For each data point we can compute a likelihood of membership to that Gaussian distribution. Points having a likelihood less than or equal to this cutoff (at either end of the axis) are itentified as "outliers" aka "extreme points" for that principal component. This threshold can be controlled by specifying the optional outlierCutoff argument, e.g.:

p = pcaGinzu.pcaGinzu(cho,outlierCutoff=0.05)

The lower the likelihood threshold, the fewer points will be included in the extreme point set. Likewise, the higher the threshold, the larger the set of extreme points. In some cases there will be NO extreme points at one or both ends of a principal component's axis. In this case you might consider increasing the threshold.

An older ad-hoc method we employed permits the user to specify an explicit number (e.g. 10 or 50) of the most extreme points to select at each end of a principal component's axis. This can be specified using the optional nOutliers argument, e.g.:

p = pcaGinzu.pcaGinzu(cho,nOutliers=10)

Only one of the two above optional arguments, outlierCutoff or nOutliers, can be given to the constructor. If neither argument is given the analysis defaults to outlierCutoff=0.001.

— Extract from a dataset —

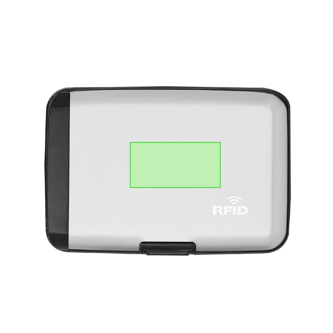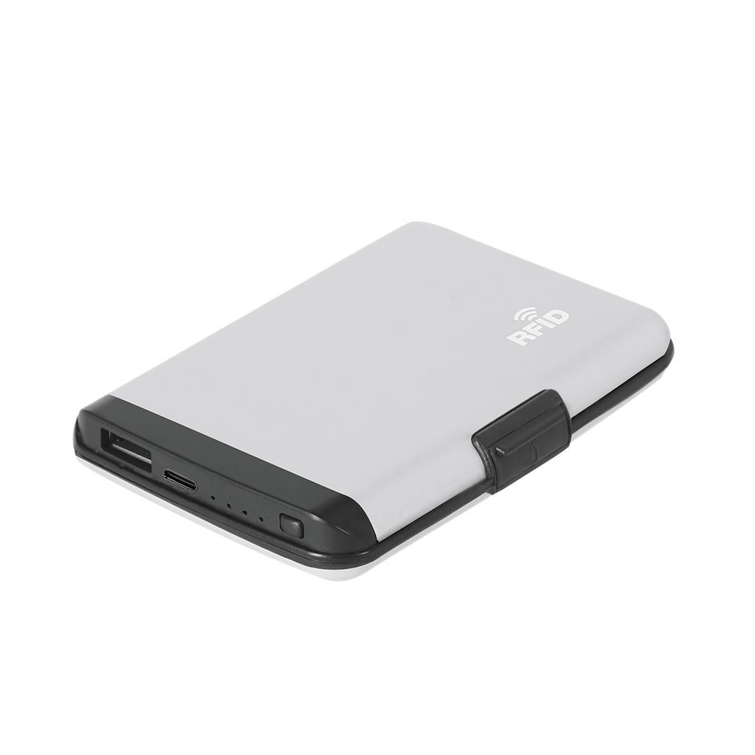 Tarjetero PowerBank fabricado en elegante Aluminio. Con 5 compartimentos, cierre de seguridad y sistema de protección RFID, diseñado para bloquear accesos no autorizados a tarjetas contactless. Cuenta con funcionalidad de batería auxiliar con capacidad de 2000 mAh. Salida y entrada en tipo C, cable incluido. Incluye distintivo logotipo RFID.

In order to better understand the two outlier selection approaches, we can graphically compare the extreme point sets resulting from each approach. Figure 1 shows a scatter plot of the data points in the PC1 vs. PC2 space with the extreme points selected using outlierCutoff=0.05 highlighted. Figure 2 shows the same scatter plot but with the extreme points selected noutliers=10 highlighted. In cases where the distribution of a principal component is slightly skewed, the outlierCutoff approach may identify more extreme points at one end of the distribution. The nOutliers approach will always generate an even number of high and low extreme points.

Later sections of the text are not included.